• [Problem details]: From the entries below, print exactly the span beginning with the line holding "Online-Bestellungen auf www.vedia.ch." and ending with the line holding "As we learned", endpoints included, and skip any pictures.

BEGIN Dataset

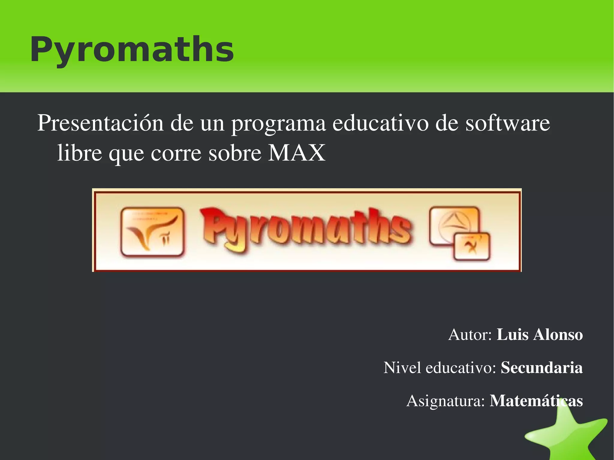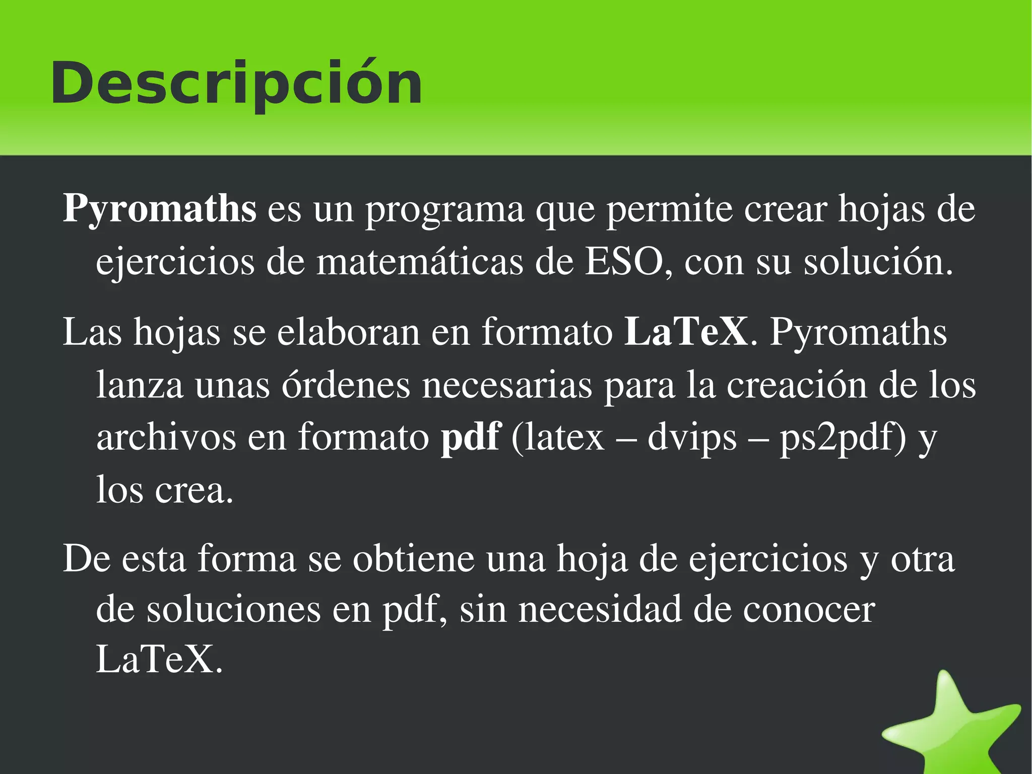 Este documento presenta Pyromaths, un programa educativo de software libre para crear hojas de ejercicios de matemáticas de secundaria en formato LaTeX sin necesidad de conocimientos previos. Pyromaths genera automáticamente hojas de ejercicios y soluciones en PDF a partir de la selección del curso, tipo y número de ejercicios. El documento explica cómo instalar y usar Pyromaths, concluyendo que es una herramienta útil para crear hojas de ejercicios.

END Dataset
BEGIN Dataset

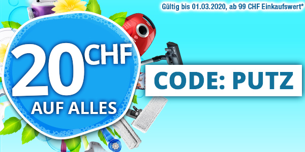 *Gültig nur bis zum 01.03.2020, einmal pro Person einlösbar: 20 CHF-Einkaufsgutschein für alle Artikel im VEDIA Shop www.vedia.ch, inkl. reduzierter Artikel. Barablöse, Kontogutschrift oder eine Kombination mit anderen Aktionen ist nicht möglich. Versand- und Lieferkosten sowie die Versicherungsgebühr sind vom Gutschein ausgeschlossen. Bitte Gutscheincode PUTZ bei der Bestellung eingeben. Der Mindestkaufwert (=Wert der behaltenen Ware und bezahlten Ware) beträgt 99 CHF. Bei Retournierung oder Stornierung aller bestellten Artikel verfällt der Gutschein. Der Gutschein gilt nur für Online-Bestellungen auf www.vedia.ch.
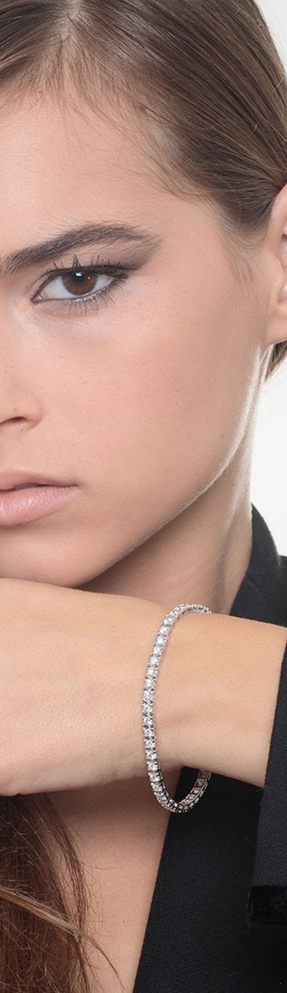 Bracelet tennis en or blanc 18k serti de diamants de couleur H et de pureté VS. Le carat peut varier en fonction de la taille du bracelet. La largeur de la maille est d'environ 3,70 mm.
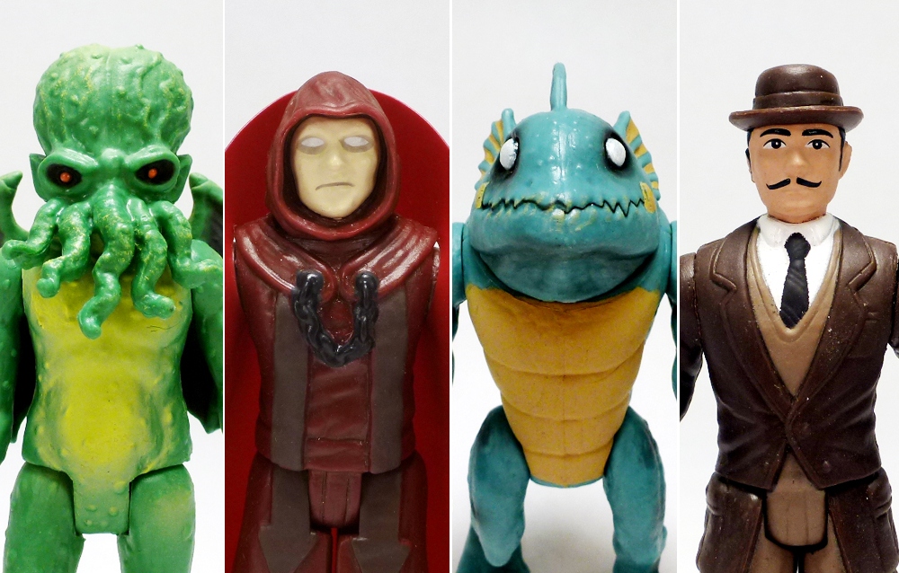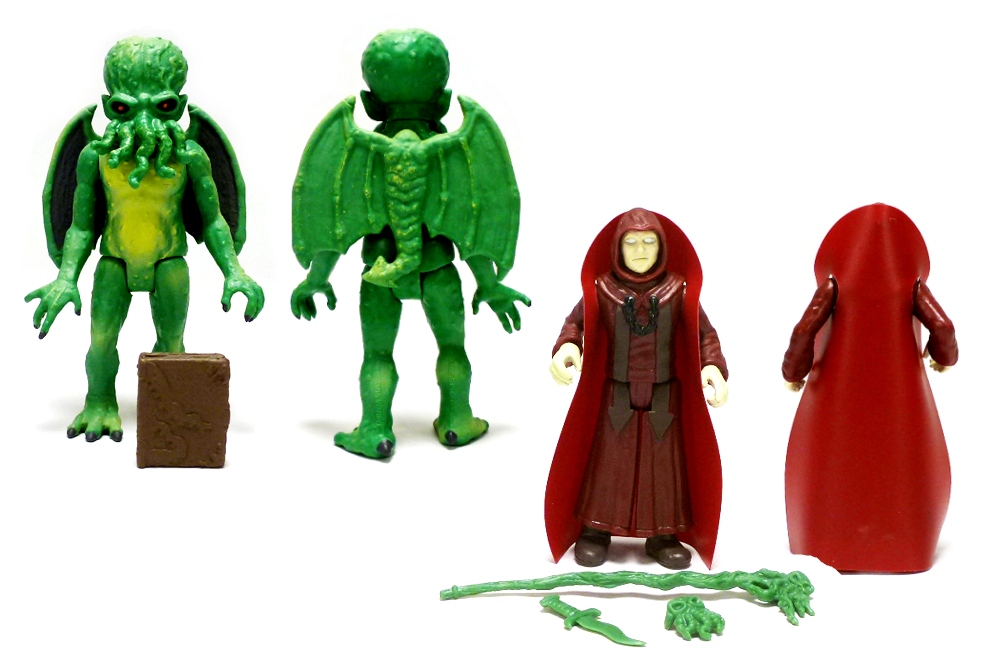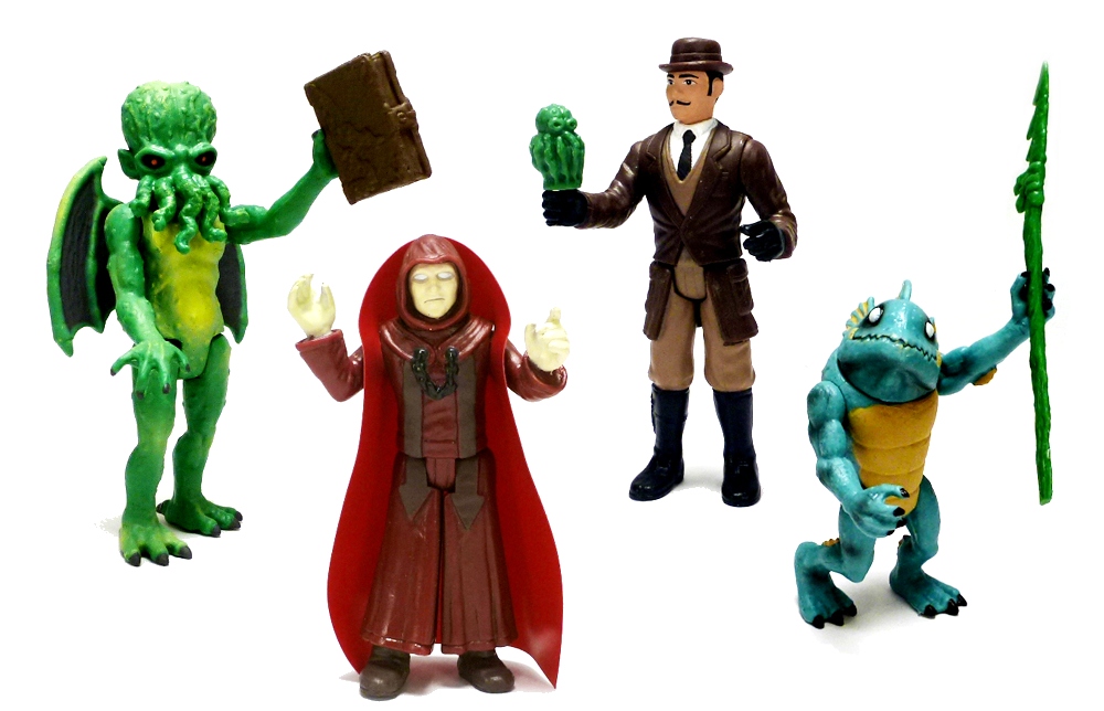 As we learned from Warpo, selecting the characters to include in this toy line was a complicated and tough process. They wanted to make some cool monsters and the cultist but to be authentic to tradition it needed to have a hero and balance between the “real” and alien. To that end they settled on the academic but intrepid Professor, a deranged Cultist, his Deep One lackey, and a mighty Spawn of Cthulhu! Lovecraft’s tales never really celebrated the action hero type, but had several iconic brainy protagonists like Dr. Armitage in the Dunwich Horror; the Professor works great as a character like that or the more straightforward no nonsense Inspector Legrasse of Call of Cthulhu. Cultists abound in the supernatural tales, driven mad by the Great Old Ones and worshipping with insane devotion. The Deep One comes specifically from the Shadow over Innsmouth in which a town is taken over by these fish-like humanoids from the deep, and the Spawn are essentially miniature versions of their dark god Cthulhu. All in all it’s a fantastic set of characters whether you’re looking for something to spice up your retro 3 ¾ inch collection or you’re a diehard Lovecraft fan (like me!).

END Dataset

• [Answer below]:
 *Gültig nur bis zum 01.03.2020, einmal pro Person einlösbar: 20 CHF-Einkaufsgutschein für alle Artikel im VEDIA Shop www.vedia.ch, inkl. reduzierter Artikel. Barablöse, Kontogutschrift oder eine Kombination mit anderen Aktionen ist nicht möglich. Versand- und Lieferkosten sowie die Versicherungsgebühr sind vom Gutschein ausgeschlossen. Bitte Gutscheincode PUTZ bei der Bestellung eingeben. Der Mindestkaufwert (=Wert der behaltenen Ware und bezahlten Ware) beträgt 99 CHF. Bei Retournierung oder Stornierung aller bestellten Artikel verfällt der Gutschein. Der Gutschein gilt nur für Online-Bestellungen auf www.vedia.ch.
 Bracelet tennis en or blanc 18k serti de diamants de couleur H et de pureté VS. Le carat peut varier en fonction de la taille du bracelet. La largeur de la maille est d'environ 3,70 mm.
 As we learned from Warpo, selecting the characters to include in this toy line was a complicated and tough process. They wanted to make some cool monsters and the cultist but to be authentic to tradition it needed to have a hero and balance between the “real” and alien. To that end they settled on the academic but intrepid Professor, a deranged Cultist, his Deep One lackey, and a mighty Spawn of Cthulhu! Lovecraft’s tales never really celebrated the action hero type, but had several iconic brainy protagonists like Dr. Armitage in the Dunwich Horror; the Professor works great as a character like that or the more straightforward no nonsense Inspector Legrasse of Call of Cthulhu. Cultists abound in the supernatural tales, driven mad by the Great Old Ones and worshipping with insane devotion. The Deep One comes specifically from the Shadow over Innsmouth in which a town is taken over by these fish-like humanoids from the deep, and the Spawn are essentially miniature versions of their dark god Cthulhu. All in all it’s a fantastic set of characters whether you’re looking for something to spice up your retro 3 ¾ inch collection or you’re a diehard Lovecraft fan (like me!).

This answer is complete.